Soul food: Dan 8-10; Mark 4:13-25; Ps 144:1-8; Prov 10:19-21
2 Chronicles 20:17 NIV
Fifth, stand firm. Notice what God told Jehoshaphat: “Stand firm.” What does it mean to “stand firm” when you’re in a crisis? It’s a mental attitude of quiet confidence that says, “I’m going to trust God.” One pastor writes: “This is something I’m slowly learning; it’s never God’s will for me to run from a difficult situation. If I do, the situation will only follow and catch up with me a little further down the line. It may not look the same, but it will be the same. Why? Because God wants to teach me that He is sufficient for any problem. If we don’t learn this today, we may learn it next week. If we don’t learn it next week, we may learn it next year. But eventually we’ll learn it – and the sooner the better. We can save ourselves problems by standing firm and waiting on God in quiet confidence.” So what do we stand firm on? “Have faith in the Lord your God and you will be upheld; have faith in his prophets and you will be successful” (v. 20 NIV).
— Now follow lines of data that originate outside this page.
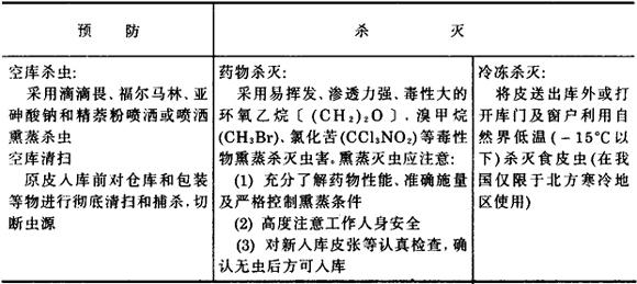 释义 | 干皮的防虫 原皮仓库常见的食皮虫有蛸翅类(甲虫),鳞翅类(蛾类)和双翅类。其中甲虫主要有三种,即普通食脂皮虫,弗里什皮虫和腐肉皮虫见图1-35。 干皮的防虫分成预防和杀灭,见表1-80。 表1-80 干皮的防虫 严格执行仓库管理制度,预防与杀灭相结合是原料皮安全保藏的保证。 |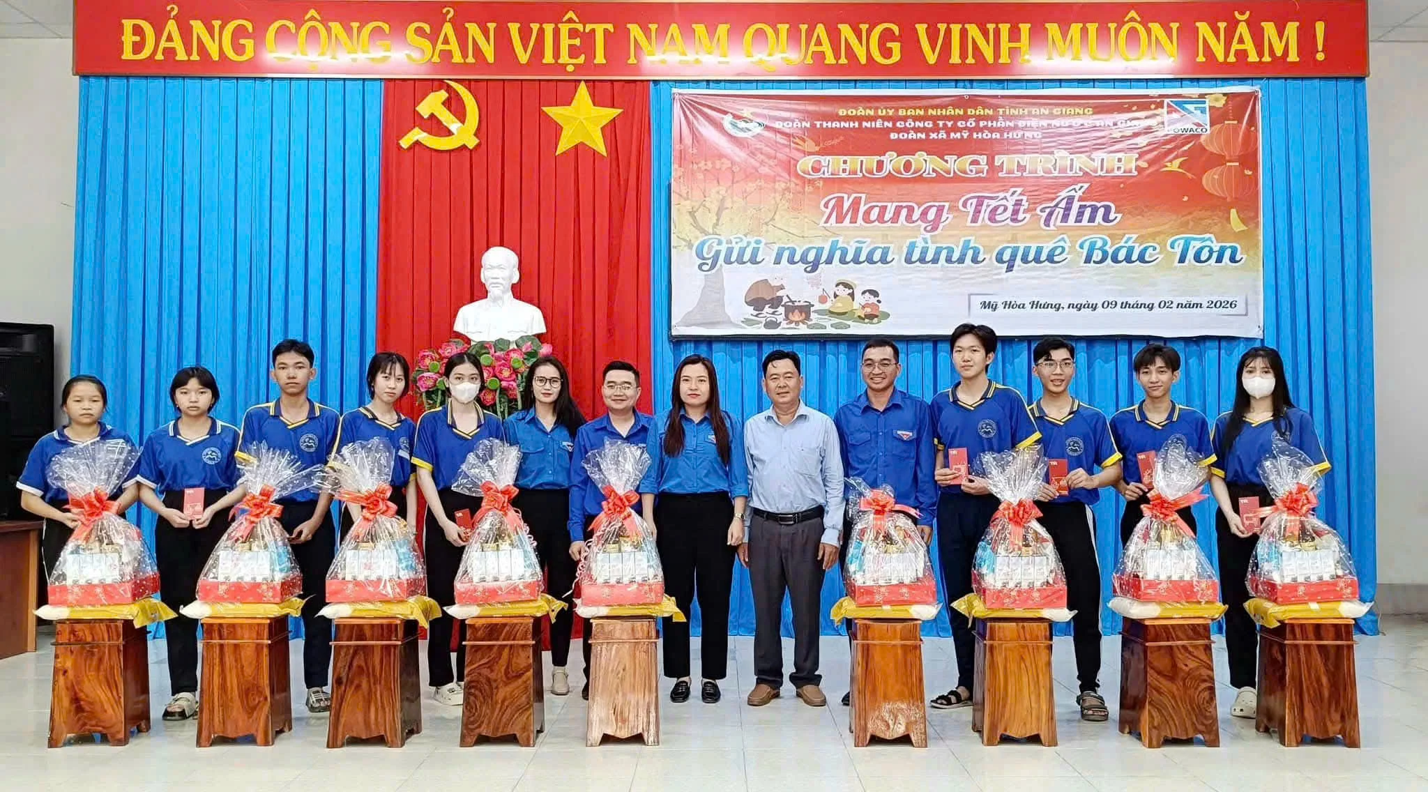 Powaco https://diennuocag.com.vn Công ty cổ phần điện nước An Giang Wed, 11 Feb 2026 01:58:33 +0000 vi hourly 1 Hành trình “Mang Tết ấm – Gửi nghĩa tình quê Bác Tôn” tại xã Mỹ Hòa Hưng https://diennuocag.com.vn/traoquamhh https://diennuocag.com.vn/traoquamhh#respond Wed, 11 Feb 2026 01:51:24 +0000 https://diennuocag.com.vn/?p=2446 Trong không khí ấm áp của những ngày cận Tết, Đoàn Thanh niên Công ty Cổ phần Điện Nước An Giang (POWACO) đã phối hợp cùng Đoàn Thanh niên xã Mỹ Hòa Hưng thực hiện hành trình đầy ý nghĩa về với quê hương Bác Tôn, mang theo những phần quà xuân thiết thực dành tặng các em học sinh có hoàn cảnh khó khăn.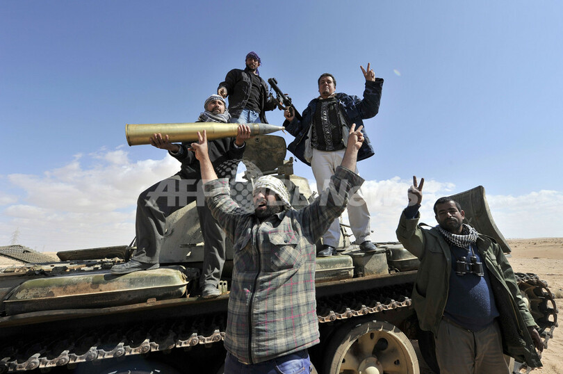 最高指導者ムアマル・カダフィ(Moamer Kadhafi)大佐のリビア政権軍は23日、反体制派が掌握する複数の都市を戦車で攻撃、民間人が相次いで避難している。一方、英司令官がリビア空軍は戦闘能力を失ったと述べるなど、多国籍軍の攻撃目標はカダフィ派の地上部隊に移りつつある。
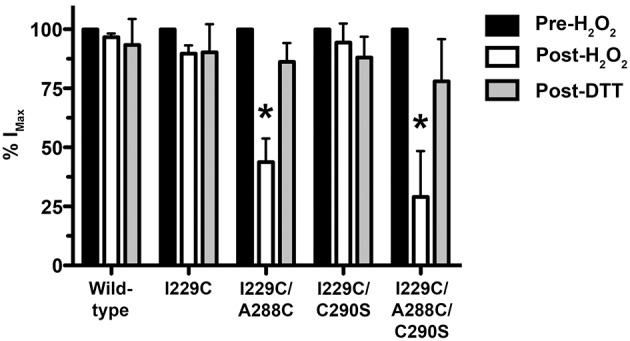 Figure 5. Effect of crosslinking using H2O2 on maximal glycine responses in TM1-3 mutants. The oxidizing agent, H2O2 (0.5%), was applied in the presence of 100 mM glycine for 1 minute followed by a 15-min washout. The response to glycine was measured and then the reducing agent dithiothreitol (DTT, 10 mM) was applied for 3 min followed by a 15-min washout. Values represent mean ± SEM from 3 to 6 oocytes (one-way ANOVA with Tukey's post-hoc test, *P < 0.05).

First, we need to stand firm on the character of God. God is faithful, and we can depend on Him. Second, we need to stand firm on the writings that He has given us through His prophets – in other words, the truth of the Bible. The Bible is God’s Word, and we need only rely in quiet confidence on His written promises. So the word for you today is: Stand firm on the unchanging character of God and the unchanging promises of His Word.